■ **THE TASK**:
Extract the lines beginning at the one that holds "内容和服务方面:联合华数传媒" and ending at the final line of the material below, keeping them exact and leaving out all pictures.

■ **PROVIDED RECORDS**:
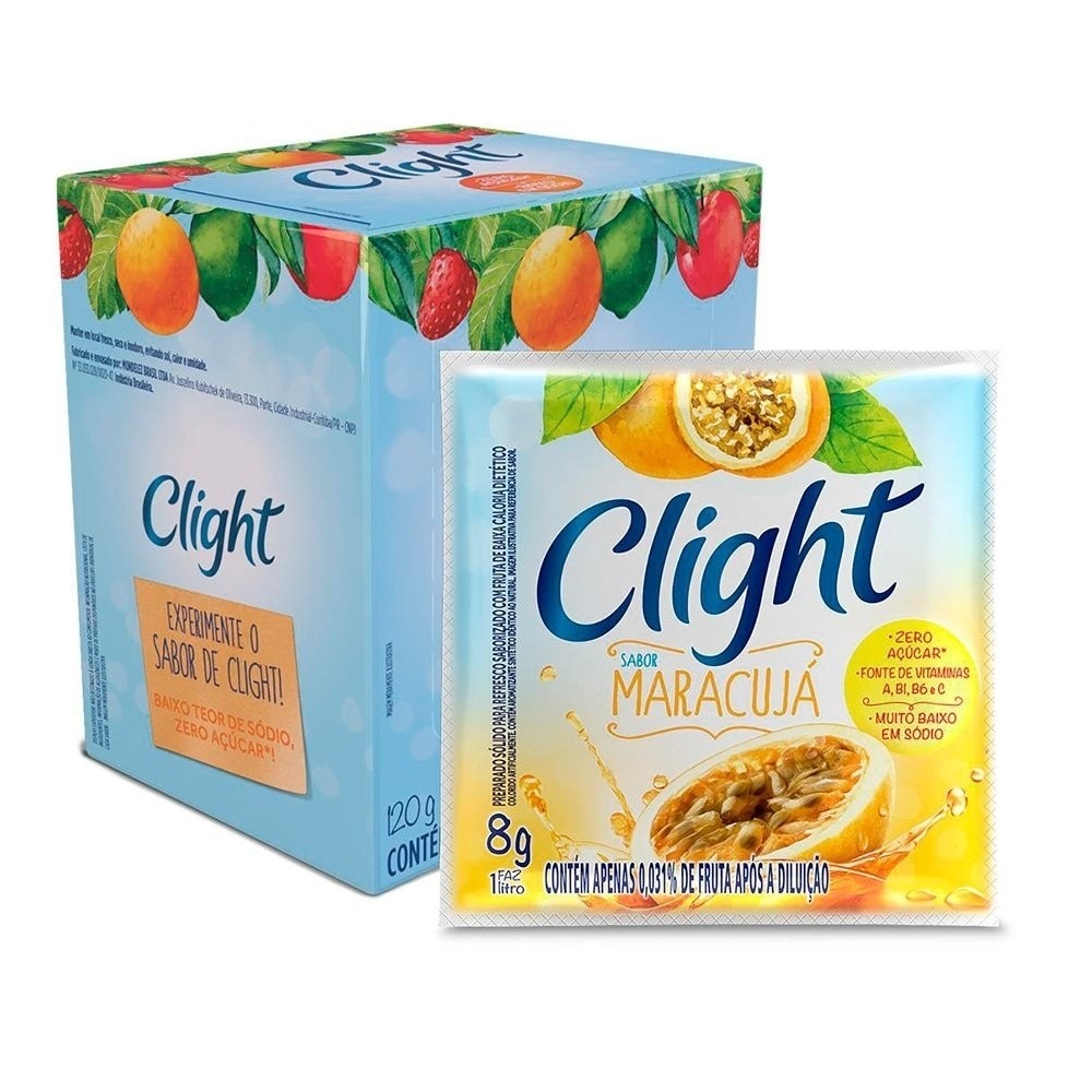 Refresco em Pó Clight sem Açúcar de Maracujá 8g - Display com 15 Unidades
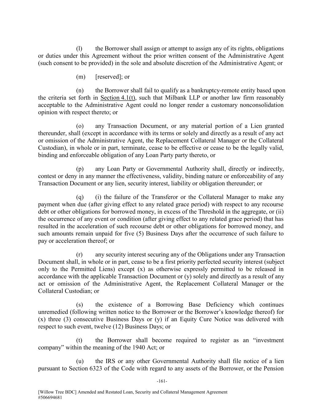 (l) the Borrower shall assign or attempt to assign any of its rights, obligations or duties under this Agreement without the prior written consent of the Administrative Agent (such consent to be provided) in the sole and absolute discretion of the Administrative Agent; or (m) [reserved]; or (n) the Borrower shall fail to qualify as a bankruptcy-remote entity based upon the criteria set forth in Section 4.1(t), such that Milbank LLP or another law firm reasonably acceptable to the Administrative Agent could no longer render a customary nonconsolidation opinion with respect thereto; or (o) any Transaction Document, or any material portion of a Lien granted thereunder, shall (except in accordance with its terms or solely and directly as a result of any act or omission of the Administrative Agent, the Replacement Collateral Manager or the Collateral Custodian), in whole or in part, terminate, cease to be effective or cease to be the legally valid, binding and enforceable obligation of any Loan Party party thereto, or (p) any Loan Party or Governmental Authority shall, directly or indirectly, contest or deny in any manner the effectiveness, validity, binding nature or enforceability of any Transaction Document or any lien, security interest, liability or obligation thereunder; or (q) (i) the failure of the Transferor or the Collateral Manager to make any payment when due (after giving effect to any related grace period) with respect to any recourse debt or other obligations for borrowed money, in excess of the Threshold in the aggregate, or (ii) the occurrence of any event or condition (after giving effect to any related grace period) that has resulted in the acceleration of such recourse debt or other obligations for borrowed money, and such amounts remain unpaid for five (5) Business Days after the occurrence of such failure to pay or acceleration thereof; or (r) any security interest securing any of the Obligations under any Transaction Document shall, in whole or in part, cease to be a first priority perfected security interest (subject only to the Permitted Liens) except (x) as otherwise expressly permitted to be released in accordance with the applicable Transaction Document or (y) solely and directly as a result of any act or omission of the Administrative Agent, the Replacement Collateral Manager or the Collateral Custodian; or (s) the existence of a Borrowing Base Deficiency which continues unremedied (following written notice to the Borrower or the Borrower’s knowledge thereof) for (x) three (3) consecutive Business Days or (y) if an Equity Cure Notice was delivered with respect to such event, twelve (12) Business Days; or (t) the Borrower shall become required to register as an “investment company” within the meaning of the 1940 Act; or (u) the IRS or any other Governmental Authority shall file notice of a lien pursuant to Section 6323 of the Code with regard to any assets of the Borrower, or the Pension -161- [Willow Tree BDC] Amended and Restated Loan, Security and Collateral Management Agreement #506694681
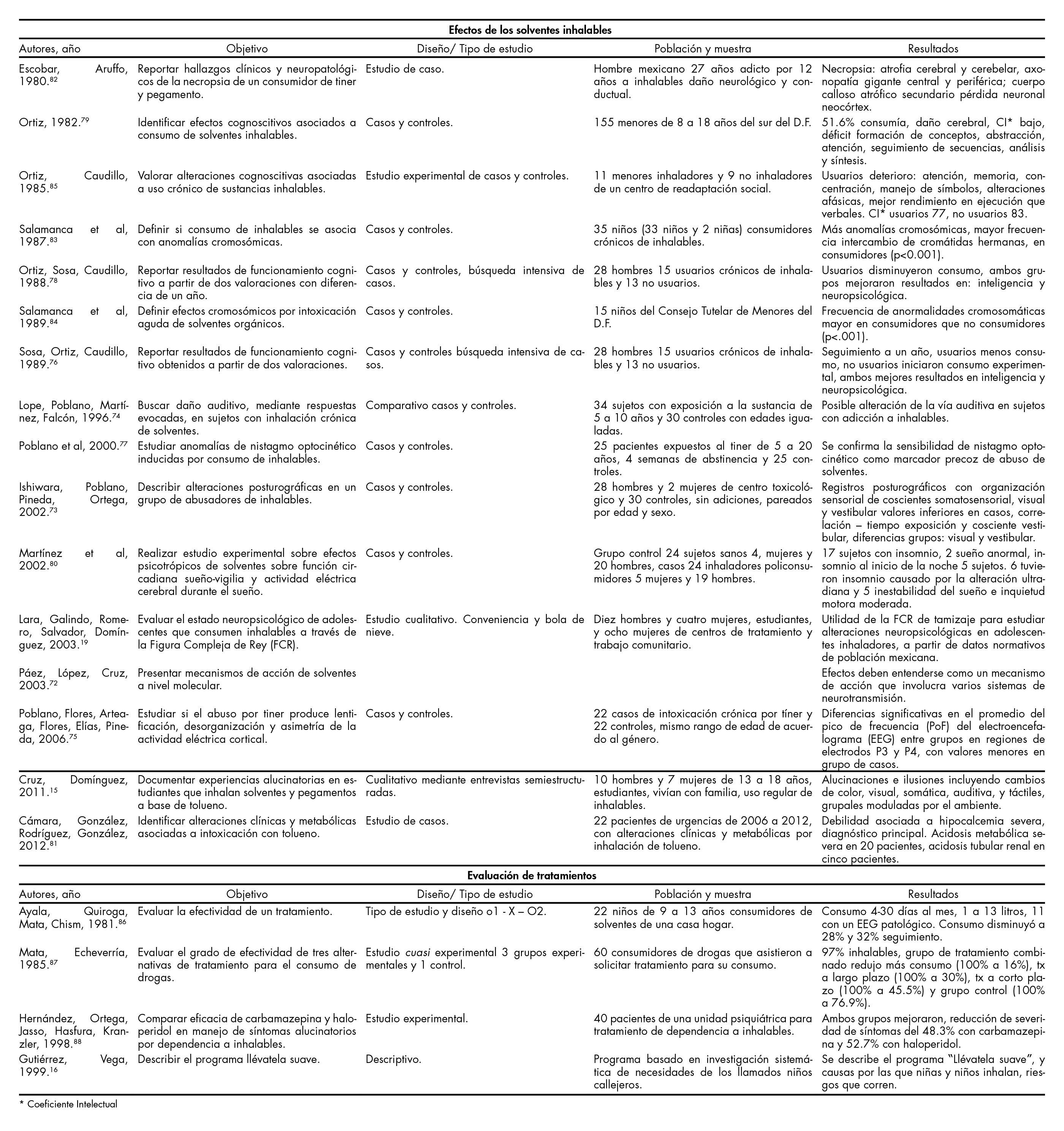 Por otro lado, Ortiz y Caudillo (1985),91 realizaron una evaluación cognitiva en un centro de readaptación social con niños que habían vivido en las calles e inhalado solventes, la media del coeficiente intelectual (CI) fue de 77, presentaron disminución de la memoria pasiva y receptiva, fallas en la formación de conceptos, abstracción y baja capacidad de juicio, análisis y síntesis. Sin embargo, los autores no atribuyeron de forma directa dichos problemas al uso de inhalables, ya que podrían deberse a carencias familiares, educativas y sociales o incluso a los efectos de la institucionalización. Otros estudios han encontrado un pobre rendimiento escolar y la presencia de conductas delictivas (cuadro 3).92
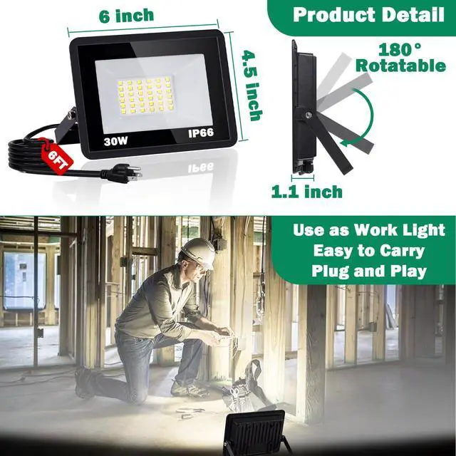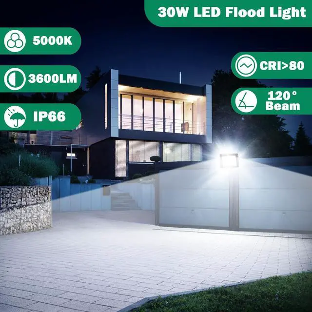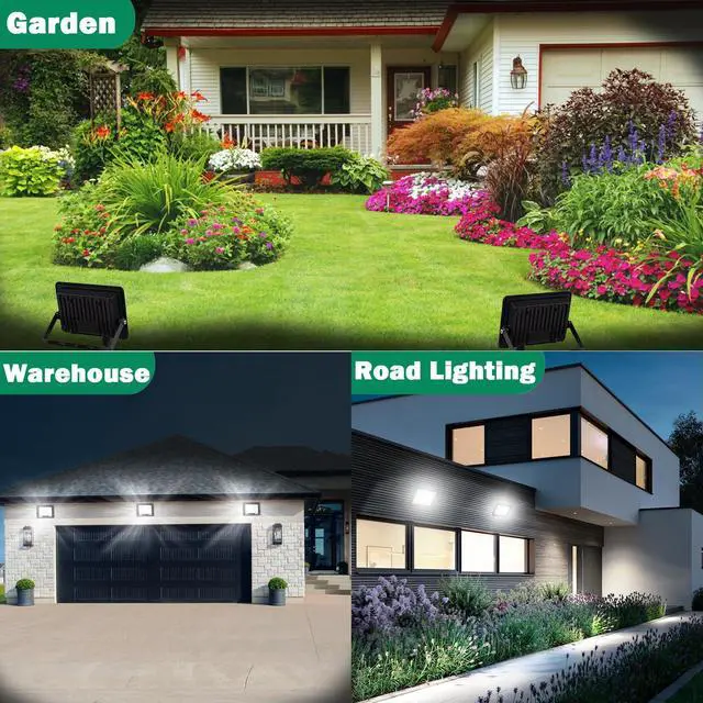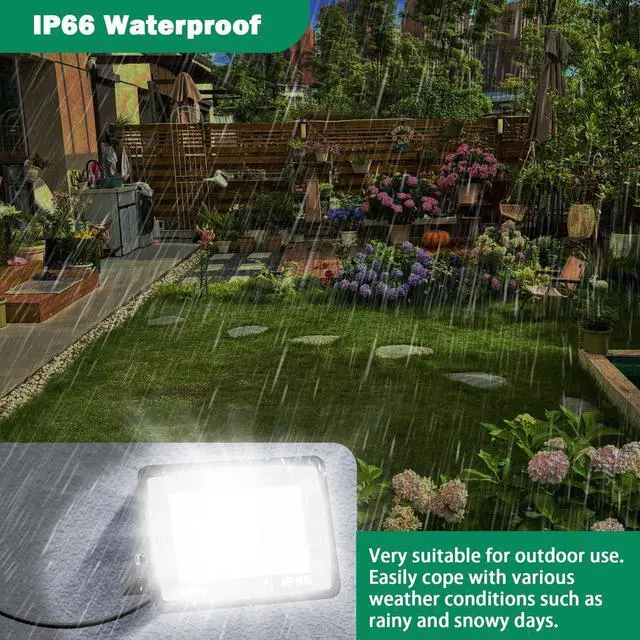 IP66 Waterproof: This outdoor LED flood light has IP66 waterproof level and can be used indoors and outdoors. Excellent lighting to meet your residential or commercial needs, can be used as outdoor floodlights for backyard, doorway, garden, patio, swimming pool, warehouse, garage, factory, work light, playground, sports fields, lawn, church, outdoor parties, etc
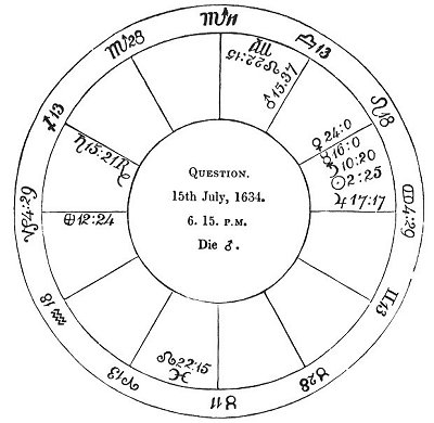 [paragraph continues] ♀ in her 2d, and also that ☽ separated from ☉, and transferring his light to ♄, lord of the ascendant and 2d and ⊕, I assured the querent that he had no cause to fear the nonpayment of his wife's portion; that all promised would be paid; and that, to his farther comfort, she would prove a chaste and virtuous woman, but somewhat proud. I have since heard, from his own mouth, that this judgment proved exactly true.
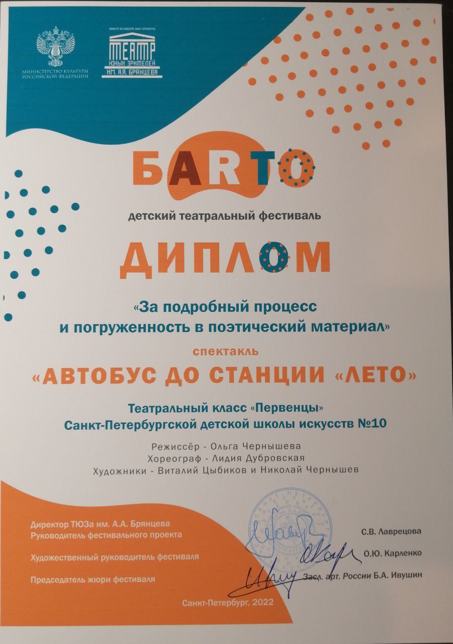 Три года назад мне посчастливилось набрать свой собственный театральный класс, которому я дала название «Первенцы», с ними мы создали уже три работы: «Дашенька, или история щенячьей жизни» по мотивам произведения Карела Чапека, «Мировые БА, ДЕ, НЯ» – это истории про бабушек, дедушек, нянь и детей из разных произведений мировой литературы, и третий, очень важный для нас спектакль «Автобус до станции Лето». – поэтический, по мотивам стихотворений о лете разных авторов. Так сложилось, что нам подарили яркую декорацию – автобус на колесиках, большой, красивый, с окошками. Я стала думать, как его использовать, как обыграть материал, чтобы это было интересно, прежде всего, детям. Нашла стихи, жизненные ситуации, связанные с летом, и мы отправились в это путешествие. К созданию и поиску кукол, реквизита, костюмов подключили родителей, получилось живо, легко, азартно. Есть истории и про невыносимую жару, и страшилки у костра, и даже история первой детской влюблённости и вынужденном расставании, связанном с окончанием лета. С этим спектаклем мы участвовали в фестивале «Б’АRТ’О» в театре Юного Зрителя, это был для нас очень важный, интересный опыт. Сейчас поступило предложение записать на Радио России аудиоверсию спектакля, надеюсь, у нас это получится.
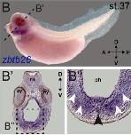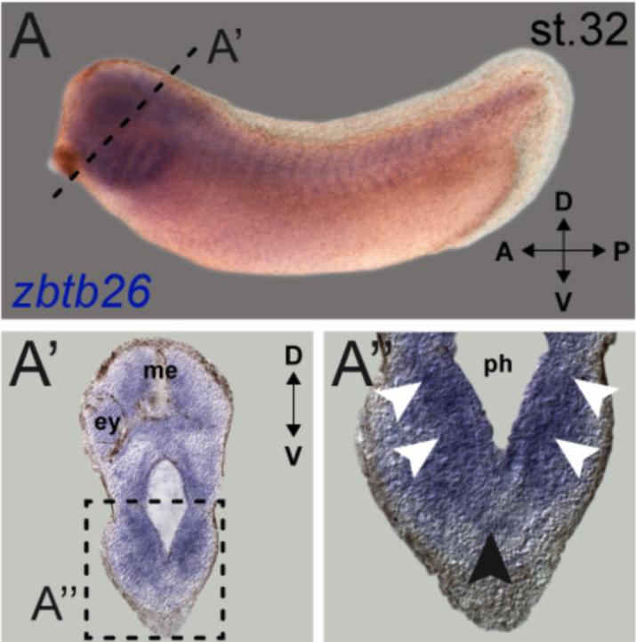 zbtb26 (zinc finger and BTB domain containing 26) gene expression in X. laevis embryo, assayed via in situ hybridization at NF stage 32, lateral view, anteriorright, dorsal up, and in transverse sections as indicted.
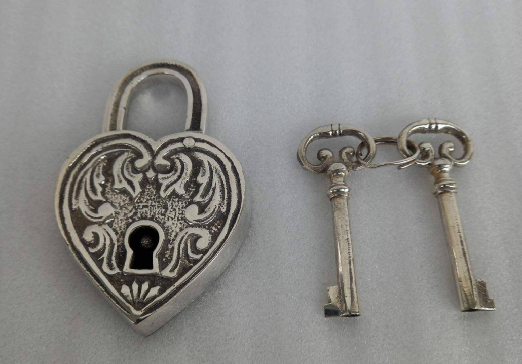 Solid brass Marriage Vintage Style Heart Love Shape Padlock 2 keys Wedding Locks Works Solid Brass heavy 4″ inch engraved
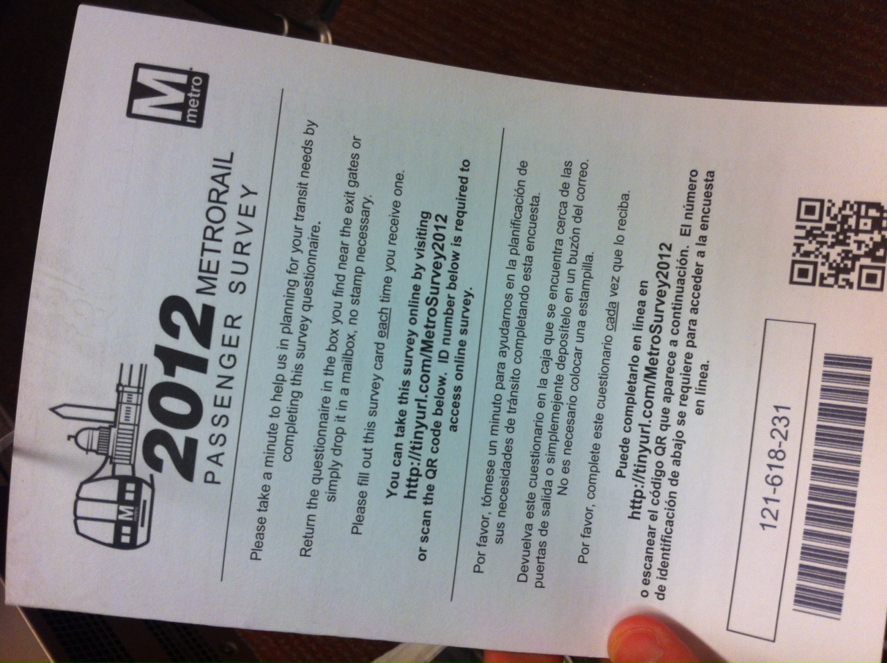 As you may have heard, the 2012 Metrorail survey is underway. There has been quite a bit of discussion online about the survey, so we thought the survey team would use this opportunity to better explain the purposes of the survey
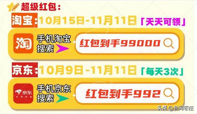 3秒完成。封顶1000元 含LED吸顶灯、智能浴霸、全屋开关11月10日20:00 淘宝巅峰夜 红包雨翻倍,最晚12月10日前锁定订单才平安。也是国度层面最初一次用地方11月1日0:00 京东现货开门红 叠加双11满减+红包,家电(空调、冰箱、洗衣机、电视、热水器、烟机、灶具、洗碗机、清水器、扫地机等) 一级能效20%,优先抢河南、山东、湖南IP双机+5G:从机下单,上海、江苏、浙江
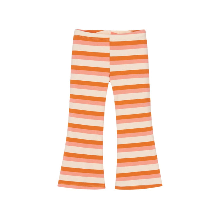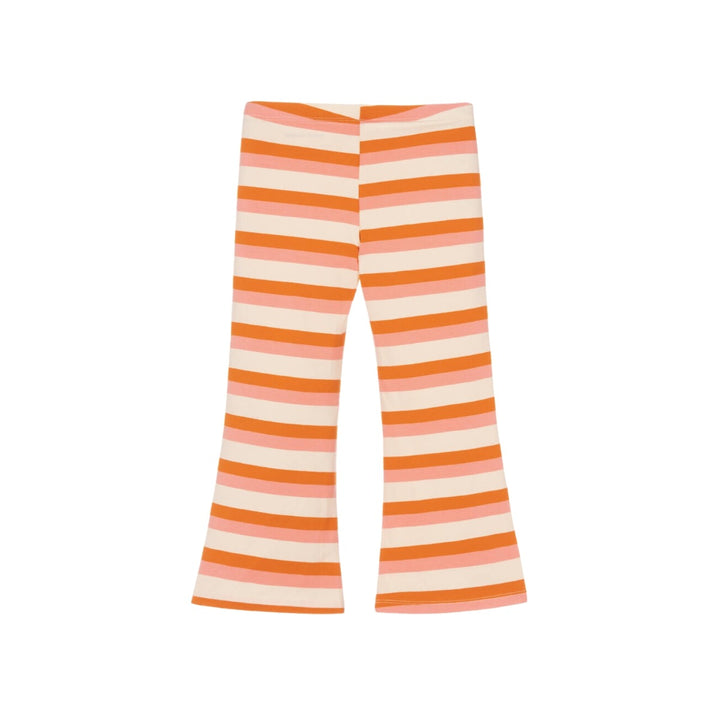 Striped flared leggings for girls by Mini Rodini, in pink, orange and ivory. Made in soft and comfortable organic cotton jersey, they have an elasticated waistband and a gently flared leg.
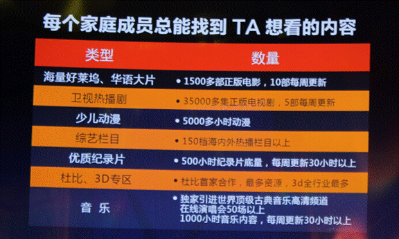 内容和服务方面:联合华数传媒、未来电视等牌照方资源搭建32万小时在线视频资源,号称国内最大智能电视合法合规视频资源库——包含35000集正版电视剧、覆盖40个卫视黄金档剧集;1500多部正版电影,囊括美国6大影片公司当年度全部新片;5000小时绿色少儿动漫;热播综艺栏目150档以上。除此之外还有优质纪录片,独家引进的世界顶级古典音乐高清频道。
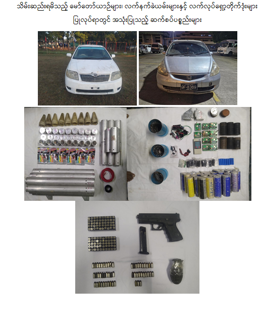 ရန်ကုန်တိုင်းဒေသကြီးရှိ မြို့နယ်များအတွင်း မိုင်းထောင်ဖောက်ခွဲမှုများနှင့် အုပ်ချုပ်ရေးပိုင်းဆိုင်ရာ တာဝန်ရှိသူများအား လုပ်ကြံပစ်ခတ်သူ အကြမ်းဖက်သမား တရားခံအမျိုးသား ၇ ဦးနှင့် အမျိုးသမီး ၁ ဦးတို့အား ကျူးလွန်ရာတွင် အသုံးပြုသည့် လက်နက်၊ ခဲယမ်း၊ ဆက်စပ်ပစ္စည်းများနှင့်အတူ ဖမ်းဆီးရမိ

■ **RESULT FOR THIS EXERCISE**:
 内容和服务方面:联合华数传媒、未来电视等牌照方资源搭建32万小时在线视频资源,号称国内最大智能电视合法合规视频资源库——包含35000集正版电视剧、覆盖40个卫视黄金档剧集;1500多部正版电影,囊括美国6大影片公司当年度全部新片;5000小时绿色少儿动漫;热播综艺栏目150档以上。除此之外还有优质纪录片,独家引进的世界顶级古典音乐高清频道。
 ရန်ကုန်တိုင်းဒေသကြီးရှိ မြို့နယ်များအတွင်း မိုင်းထောင်ဖောက်ခွဲမှုများနှင့် အုပ်ချုပ်ရေးပိုင်းဆိုင်ရာ တာဝန်ရှိသူများအား လုပ်ကြံပစ်ခတ်သူ အကြမ်းဖက်သမား တရားခံအမျိုးသား ၇ ဦးနှင့် အမျိုးသမီး ၁ ဦးတို့အား ကျူးလွန်ရာတွင် အသုံးပြုသည့် လက်နက်၊ ခဲယမ်း၊ ဆက်စပ်ပစ္စည်းများနှင့်အတူ ဖမ်းဆီးရမိ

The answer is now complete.